HOUSTON - 3-D printing has been assisting surgeons through the most complicated operations imaginable for about four years.
Now, KPRC is getting a behind-the-scenes look at how the printer works and how it benefits patients.
At the Houston Methodist Research Institute, the director of MRI Core works specifically with neurosurgeons to help them map brain surgeries before stepping foot into the operating room.
It starts with an MRI of the brain. A special software converts that scan into a 3-D image. Then, a 3-D printer heats plastic, printing 0.2 millimeters layer by layer on top of each other to create a plastic replica of a patient's brain.
"Takes about 11 hours. Eleven, 12 hours, but once we have that, we have a three-dimensional model," said Christof Karmonik, director of MRI Core at Houston Methodist Hospital.
"What we did in the past makes us look like dinosaurs compared to what we can do now with all this advanced technology," Dr. David Baskin, professor of Neurosurgery at Houston Methodist Hospital, said.
Baskin said now a patient is cosmetically perfect after the reconstruction.

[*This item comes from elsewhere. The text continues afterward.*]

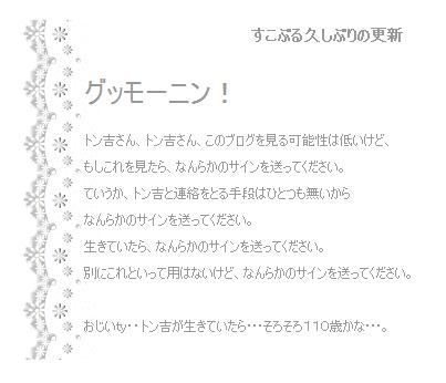 「そー言えば最近、㌧吉を見てないわねぇ。。」

"If you have a bad stroke, have a lot of brain swelling, we actually remove a piece of the skull so there's room for the brain to swell out. It actually saves lives. The only problem is, after it's all over, you've got a big defect, a big hole in your skull. The skull is no longer available, it's been discarded or let's suppose you had a gunshot wound to the head with a patient where their skull was shattered, now you're walking around with a caved-in skull, and the challenges to produce a new skull that will fit perfectly in place," Baskin said. "No matter how good you are, it's very hard for you to contour the exact shape of the skull. But now with computers and 3D printing, we make a CAT scan and the computer reconstructs the way your skull should look and makes a new skull ... and this thing fits like a glove."
Besides cosmetics, it's critical for the skull to be as perfectly positioned as possible. The skull protects your brain from every trauma it could encounter, from major hits to minor bumps.
"We all bump our heads and bunk our heads three or four times a day and if you didn't have a skull and you hit that area of your scalp, you could injure your brain. So you want to put this back to protect the brain, protect the inside of the head, and you want to put it back in a way where there's no gaps, where there's no bumps, where there's no lumps because if you hit those bumps or lumps they could in turn produce trauma so you really need something that's going to fit perfectly into place like the original product. Along comes 3-D printing and we're now able to do that," Baskin said.
Prior to 3-D printing, bone cement (typically used for hip replacements) was used to fill in the skull after these kinds of operations. Baskin said it was agonizing trying to make bone cement fit perfectly into the patient's open skull, not to mention it added hours in the operating room.
"Definitely longer and definitely more complicated. Where now, you expose the defect, you pop this in, we sew the scalp back together and it's cut down the operation by more than half," Baskin said.